Task objective:
Copying rule for the data below: pictures stay out, and only the lines from the one with "式中:αm為摩爾分子吸收系數" down to the one with "今年春节,大麦提供的旅游服务", inclusive, are repeated exactly.

Provided information:

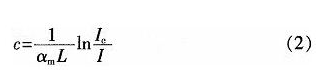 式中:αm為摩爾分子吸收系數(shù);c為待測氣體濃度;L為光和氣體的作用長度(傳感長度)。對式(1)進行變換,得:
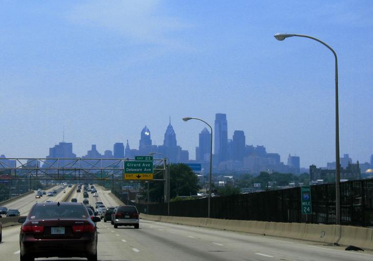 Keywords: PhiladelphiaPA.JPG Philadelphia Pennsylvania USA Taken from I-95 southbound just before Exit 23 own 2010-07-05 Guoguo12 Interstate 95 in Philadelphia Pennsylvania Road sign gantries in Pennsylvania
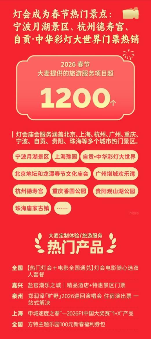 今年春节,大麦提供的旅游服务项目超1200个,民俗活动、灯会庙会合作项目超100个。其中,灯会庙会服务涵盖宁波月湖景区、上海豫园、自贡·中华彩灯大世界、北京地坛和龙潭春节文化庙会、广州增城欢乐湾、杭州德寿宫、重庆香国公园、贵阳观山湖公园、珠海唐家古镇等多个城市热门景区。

---

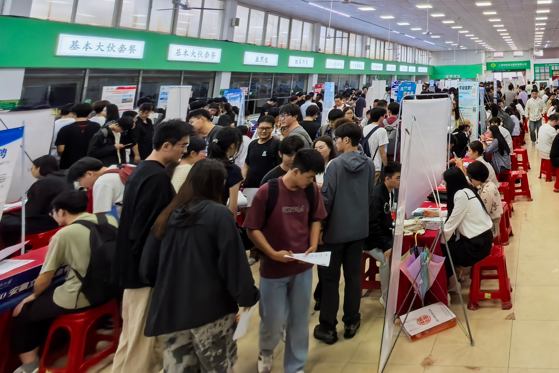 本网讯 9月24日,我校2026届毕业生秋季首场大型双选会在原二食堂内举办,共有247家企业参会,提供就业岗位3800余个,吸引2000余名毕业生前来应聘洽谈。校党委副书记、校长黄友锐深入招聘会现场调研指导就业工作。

...

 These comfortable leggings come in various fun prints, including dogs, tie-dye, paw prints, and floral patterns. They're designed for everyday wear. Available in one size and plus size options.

Your solution:
 式中:αm為摩爾分子吸收系數(shù);c為待測氣體濃度;L為光和氣體的作用長度(傳感長度)。對式(1)進行變換,得:
 Keywords: PhiladelphiaPA.JPG Philadelphia Pennsylvania USA Taken from I-95 southbound just before Exit 23 own 2010-07-05 Guoguo12 Interstate 95 in Philadelphia Pennsylvania Road sign gantries in Pennsylvania
 今年春节,大麦提供的旅游服务项目超1200个,民俗活动、灯会庙会合作项目超100个。其中,灯会庙会服务涵盖宁波月湖景区、上海豫园、自贡·中华彩灯大世界、北京地坛和龙潭春节文化庙会、广州增城欢乐湾、杭州德寿宫、重庆香国公园、贵阳观山湖公园、珠海唐家古镇等多个城市热门景区。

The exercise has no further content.